RAW DATA:
--------------------------------------------------

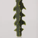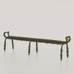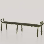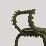 Each piece consists of a tubular steel structure—a simple, recognizable form—dressed in a hand-sewn, spiky textile cover that transforms it into a creature.
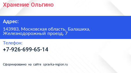 Хранение Ольгино по адресу 143983, Московская область, Балашиха, Железнодорожный проезд, 7 в дальнейшем Организация, размещена в следующих категориях:
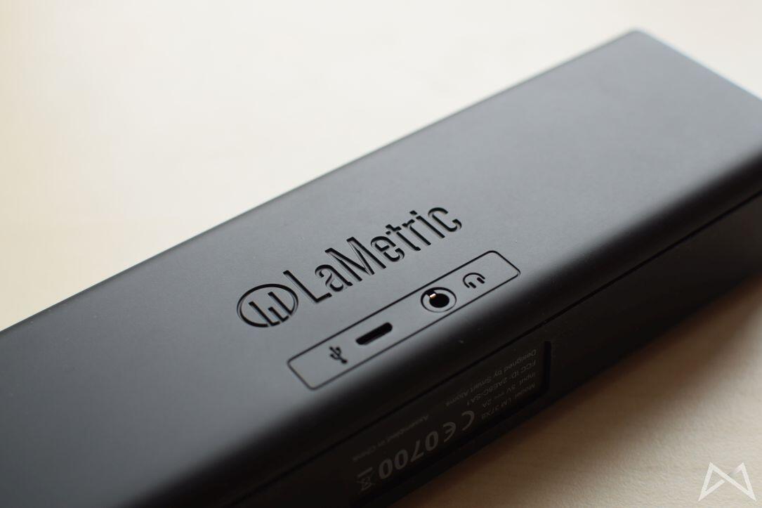 Auf der Rückseite sind hingegen der micro-USB-Eingang und eine Klinkenbuchse zum Audio-Output vorzufinden. Dazu besitzt LaMetric zwei nach außen gerichtete Lautsprecher, einen Power-Button auf der rechten Seite sowie links zwei Lautstärke-Buttons. Die Unterseite ist gummiert gestaltet, wodurch ein Verrutschen auf glatten Oberflächen so gut wie ausgeschlossen ist.

--------------------------------------------------

TASK DETAILS:
Starting from the line where "Хранение Ольгино по" appears, copy every line through the end of the material, both ends included, but no pictures.

WRITTEN ANSWER:
 Хранение Ольгино по адресу 143983, Московская область, Балашиха, Железнодорожный проезд, 7 в дальнейшем Организация, размещена в следующих категориях:
 Auf der Rückseite sind hingegen der micro-USB-Eingang und eine Klinkenbuchse zum Audio-Output vorzufinden. Dazu besitzt LaMetric zwei nach außen gerichtete Lautsprecher, einen Power-Button auf der rechten Seite sowie links zwei Lautstärke-Buttons. Die Unterseite ist gummiert gestaltet, wodurch ein Verrutschen auf glatten Oberflächen so gut wie ausgeschlossen ist.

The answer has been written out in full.